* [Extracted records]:
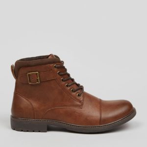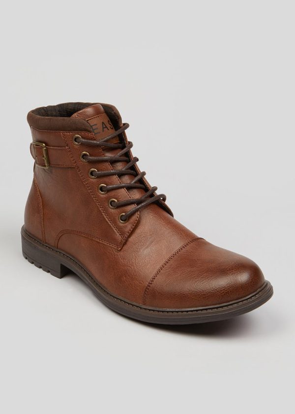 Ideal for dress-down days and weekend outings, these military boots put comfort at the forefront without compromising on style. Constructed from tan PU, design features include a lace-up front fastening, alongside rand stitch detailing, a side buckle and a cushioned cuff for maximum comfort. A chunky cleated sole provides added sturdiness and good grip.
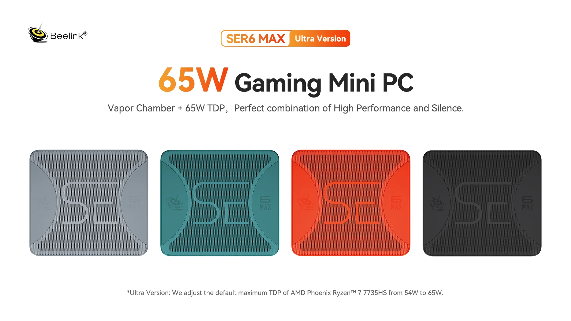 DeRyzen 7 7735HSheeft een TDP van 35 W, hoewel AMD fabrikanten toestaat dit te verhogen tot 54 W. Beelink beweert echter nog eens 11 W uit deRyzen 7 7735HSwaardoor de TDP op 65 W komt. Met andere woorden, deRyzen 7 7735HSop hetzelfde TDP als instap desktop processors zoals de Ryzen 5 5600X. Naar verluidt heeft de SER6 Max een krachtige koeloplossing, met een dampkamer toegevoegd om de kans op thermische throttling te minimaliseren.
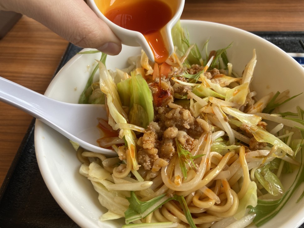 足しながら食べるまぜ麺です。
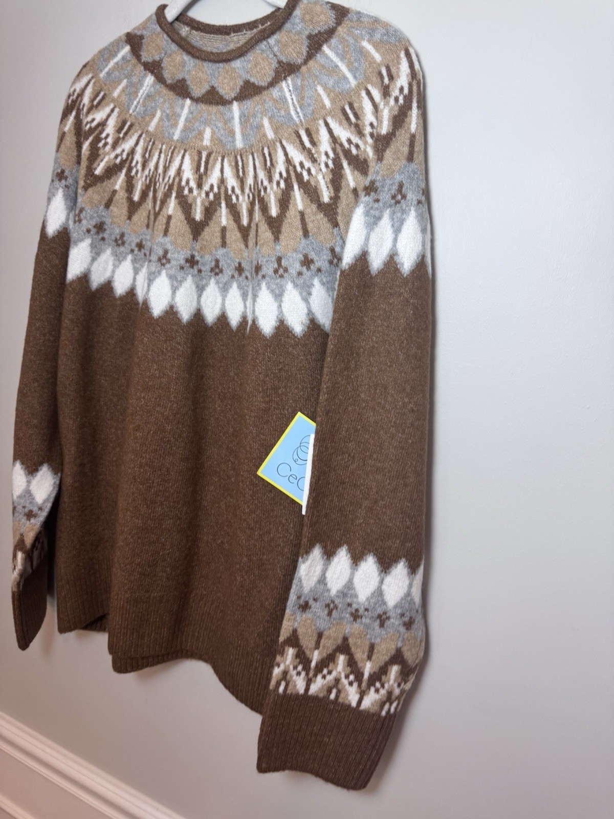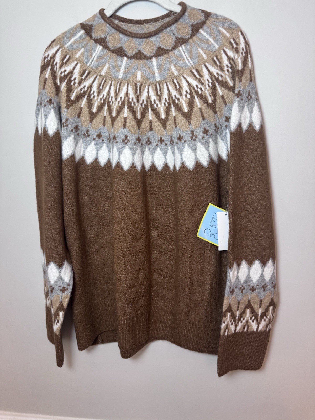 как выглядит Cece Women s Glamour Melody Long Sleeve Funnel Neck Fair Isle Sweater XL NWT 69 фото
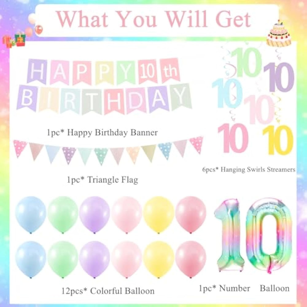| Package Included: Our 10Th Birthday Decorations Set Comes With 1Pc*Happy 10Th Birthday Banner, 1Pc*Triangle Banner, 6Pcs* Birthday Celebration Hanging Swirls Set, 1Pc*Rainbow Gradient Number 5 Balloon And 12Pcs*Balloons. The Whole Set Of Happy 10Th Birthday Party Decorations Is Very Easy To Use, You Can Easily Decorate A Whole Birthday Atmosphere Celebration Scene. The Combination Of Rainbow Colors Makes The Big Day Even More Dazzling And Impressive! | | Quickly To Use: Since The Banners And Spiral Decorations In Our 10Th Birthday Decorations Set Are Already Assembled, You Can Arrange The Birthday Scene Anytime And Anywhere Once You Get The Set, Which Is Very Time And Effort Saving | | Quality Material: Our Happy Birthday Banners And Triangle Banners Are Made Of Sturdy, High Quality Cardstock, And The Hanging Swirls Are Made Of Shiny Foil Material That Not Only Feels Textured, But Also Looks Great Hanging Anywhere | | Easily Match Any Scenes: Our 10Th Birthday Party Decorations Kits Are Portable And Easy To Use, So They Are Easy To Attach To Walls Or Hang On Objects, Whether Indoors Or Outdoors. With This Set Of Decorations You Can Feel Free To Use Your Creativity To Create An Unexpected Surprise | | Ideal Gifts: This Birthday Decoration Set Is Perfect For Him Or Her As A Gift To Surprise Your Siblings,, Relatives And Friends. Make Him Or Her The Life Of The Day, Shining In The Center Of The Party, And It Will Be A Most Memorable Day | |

* [WORK ITEM]:
Word for word, write out the lines from the top of the records above down to the line holding "как выглядит Cece", inclusive, but not the pictures.

* [EXERCISE SOLUTION]:
 Ideal for dress-down days and weekend outings, these military boots put comfort at the forefront without compromising on style. Constructed from tan PU, design features include a lace-up front fastening, alongside rand stitch detailing, a side buckle and a cushioned cuff for maximum comfort. A chunky cleated sole provides added sturdiness and good grip.
 DeRyzen 7 7735HSheeft een TDP van 35 W, hoewel AMD fabrikanten toestaat dit te verhogen tot 54 W. Beelink beweert echter nog eens 11 W uit deRyzen 7 7735HSwaardoor de TDP op 65 W komt. Met andere woorden, deRyzen 7 7735HSop hetzelfde TDP als instap desktop processors zoals de Ryzen 5 5600X. Naar verluidt heeft de SER6 Max een krachtige koeloplossing, met een dampkamer toegevoegd om de kans op thermische throttling te minimaliseren.
 足しながら食べるまぜ麺です。
 как выглядит Cece Women s Glamour Melody Long Sleeve Funnel Neck Fair Isle Sweater XL NWT 69 фото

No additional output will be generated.